NFS DIO overhaul

linux-nfs.vger.kernel.org archive mirror
 help / color / mirror / Atom feed

* NFS DIO overhaul
@ 2011-05-17 14:45 Jeff Layton
  2011-05-17 14:50 ` Chuck Lever
  0 siblings, 1 reply; 3+ messages in thread
From: Jeff Layton @ 2011-05-17 14:45 UTC (permalink / raw)
  To: Trond.Myklebust; +Cc: Badari Pulavarty, linux-nfs

Hi Trond,

You recently mentioned on the list that you were working on an overhaul
of the DIO code that would merge large parts of it with the buffered IO
routines.

I also started some work on an overhaul of the DIO code to make it work
better with arbitrary sized arrays of iovecs. I've only really started
it, but I have the following routine so far. The idea here is to always
try to max out the size of a direct I/O READ or WRITE regardless of the
layout of the iovec array. Once we have the count, we can then just
marshal up a single read or write and send it, advance the iov_iter and
repeat until we're done.

Obviously, it's rather complicated logic, but I think this is doable...

My question is -- is this something you would consider taking if I were
to finish it up in the near future? Or should I not bother since you're
working on an overhaul of this code?

My main concern is that we have some existing shipping code where we
need to fix this, and  the changes you're planning to make may be too
invasive to backport.
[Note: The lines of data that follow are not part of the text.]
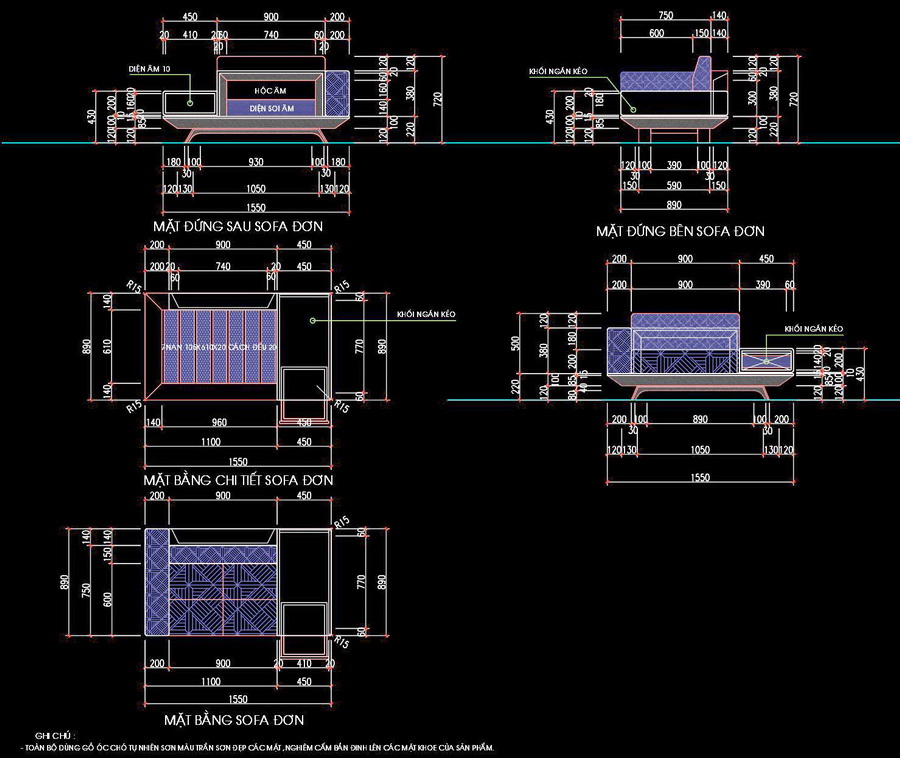 Nội dung tài liệu bao gồm các bản vẽ mặt bằng, mặt đứng và chi tiết của sofa đơn. Các hình ảnh cho thấy rõ kích thước, cấu trúc và các thành phần của sản phẩm, cung cấp cái nhìn tổng quan về thiết kế và cách thức thi công.
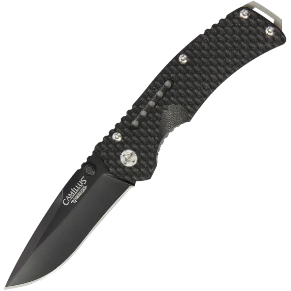 Camillus VORTEX 8" Folding Knife with a 3.25" Carbonitride Titanium Non Stick Blade made from AUS-8 Steel. AUS-8 offers exceptional balance between toughness, edge sharpness, and corrosion resistance. The steel is bonded with Carbonitride Titanium that resists rust and corrosion and is up to 10x harder than untreated steel so the blade stays sharper, longer. Featuring: Dual Thumbstuds, Black G-10 Handle, Liner Lock and a Lanyard Hole. Handle includes pocket clip.
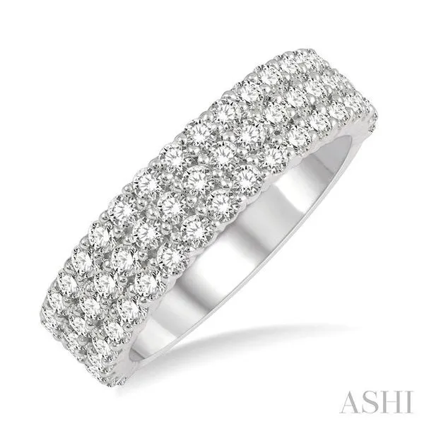 1 1/4 Ctw Triple Row Round Cut Diamond Wedding Band in 14K White Gold Image 3 Adler's Diamonds Saint Louis, MO
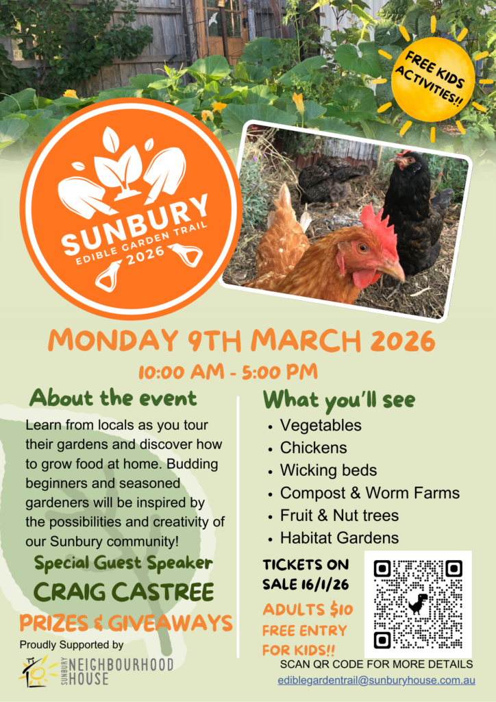 If you’d like to join local gardeners and open your growing space, please register your interest here and tell us a bit more about your patch – we’d love to hear from you! Alternatively you can email ediblegardentrail@sunburyhouse.com.au.
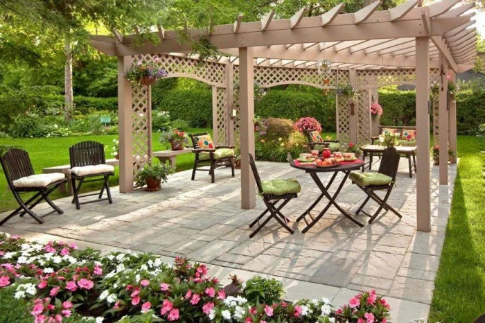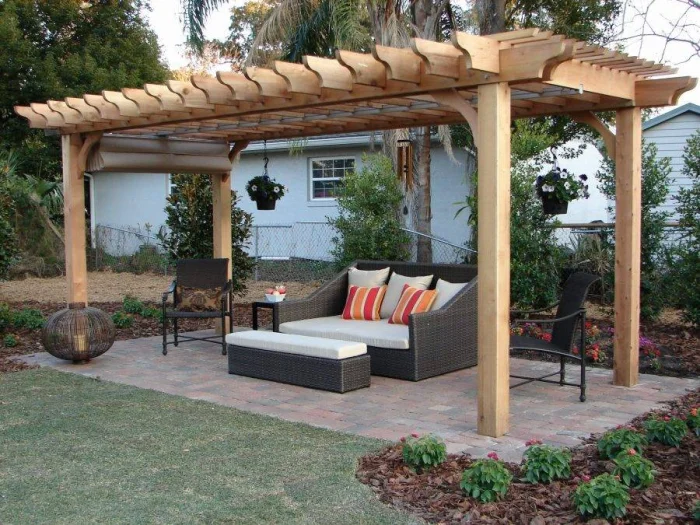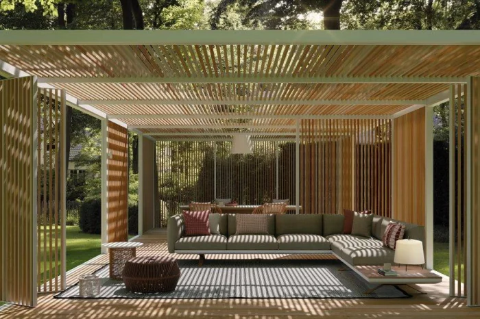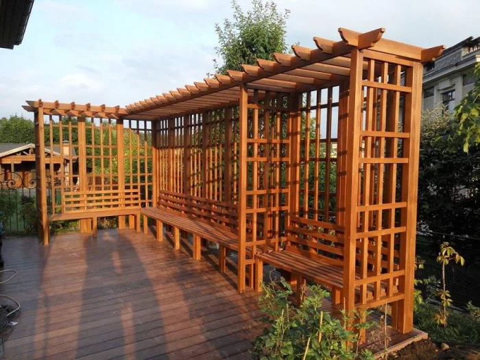 Представьте себе полуоткрытую беседку со стенами и крышей в виде решётки. Вот это и есть пергола. Она отлично спасает от солнца, создаёт уют, но от сильного дождя или ветра, конечно, не защитит. Летний вариант, не более.
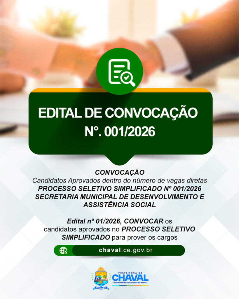 📢 EDITAL DE CONVOCAÇÃO Nº 001/2026 – SAÚDE A Prefeitura de Chaval convoca os candidatos aprovados dentro do número de vagas diretas do Processo Seletivo Simplificado nº 001/2026, da Secretaria Municipal de Saúde. Os convocados deverão observar as orientações descritas no edital para o devido provimento dos cargos. 📌 Consulte prazos, documentação necessária e demais informações no […]
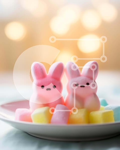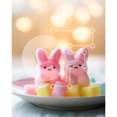 Υπάρχει δυνατότητα προσωποποίησης με δική σας φωτογραφία και προσαρμογής διαστάσεων κατόπιν παραγγελίας. Το συγεκεριμενο puzzle παρουσιαζει Αυτή η εικόνα παρουσιάζει δύο λαγουδάκια marshmallow τοποθετημένα στο κέντρο ενός λευκού πιάτου, με τα πρόσωπά τους στραμμένα το ένα προς το άλλο. Πολύχρωμα marshmallows είναι διάσπαρτα γύρω από το τραπέζι, υποδηλώνοντας ένα πασχαλινό γλυκό. Ένα μοναδικό puzzle που συνδυάζει
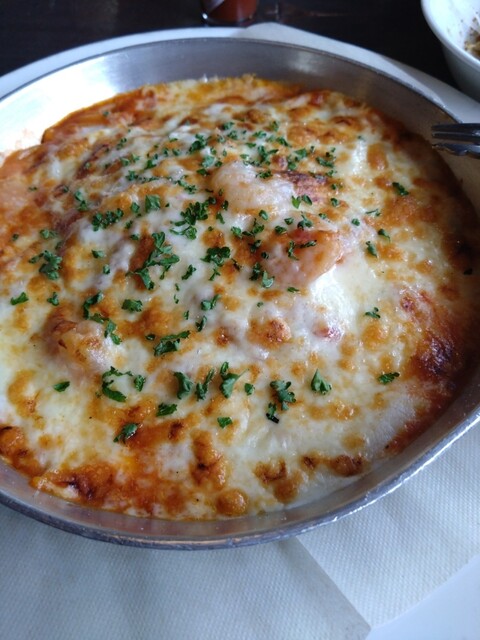 開店と同時に伺いました❢海老ナポリタンと、海老クリ―ムグラタンパスタ110円のサラダを注文致しました❢サ―ビスのドリンクも、頼みました❢先ずはサラダが運ばれてきました❢大根サラダです❢ドレッシングがもう少しかかってたら、もっと美味しくいただけたと思います❢海老ナポリタンが、最初に運ばれてきました❢ナポリタンが食べ終わる頃、グラタンパスタが運ばれてきました❢でもお値段が上がりましたね。1人2千円計算です❢今のご時世仕方ないのでしょうね。とても美味しかったです❢御馳走様でした❢
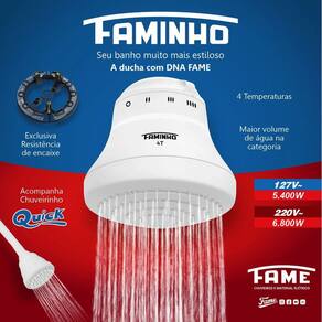 A troca de temperatura é feita com a ducha ligada, de forma segura e rápida. Seu design compacto facilita a instalação e combina com qualquer ambiente. Produzida pela Fame, marca referência no mercado nacional, a Faminho 4T une durabilidade, economia e praticidade.
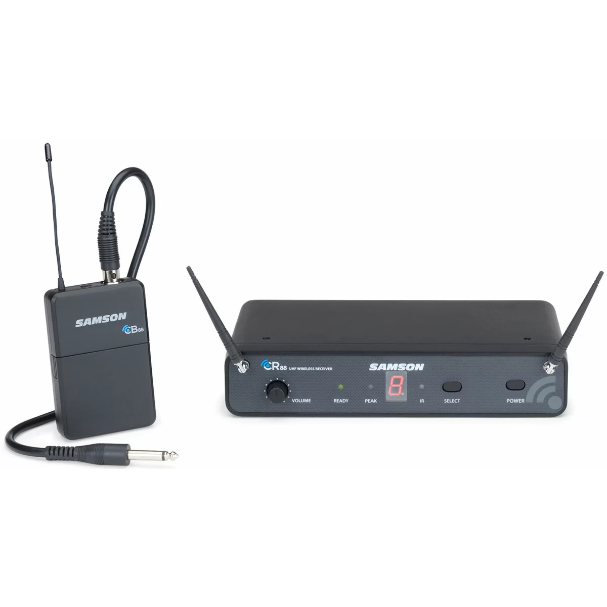 На фронтальной панели приемника CR88 находится клавиша Select, которая позволяет переключать установленные каналы. Синхронизация между приемником и передатчиком происходит посредством инфракрасного порта. Дисплей оснащен 7-ми сегментным модулем который отображает действующий канал. Так же на панели расположен регулятор громкости, выключатель питания, две внешние антенны и индикаторы наличия сигнала между приемником и передатчиком, и перегрузки. Выходные разъемы выполнены на параллельных балансных XLR и 1/4" TRS коннекторах.

If that's the case, then I may need to do
something along these lines anyway (or just take Badari's latest patch).

Thanks...My "starter" patch follows:

------------------------[snip]------------------------

[PATCH] nfs: add a direct I/O count routine

...to count the number of bytes that we can stick in a single r/w req.

Signed-off-by: Jeff Layton <jlayton@redhat.com>
---
 fs/nfs/direct.c |   90 +++++++++++++++++++++++++++++++++++++++++++++++++++++++
 1 files changed, 90 insertions(+), 0 deletions(-)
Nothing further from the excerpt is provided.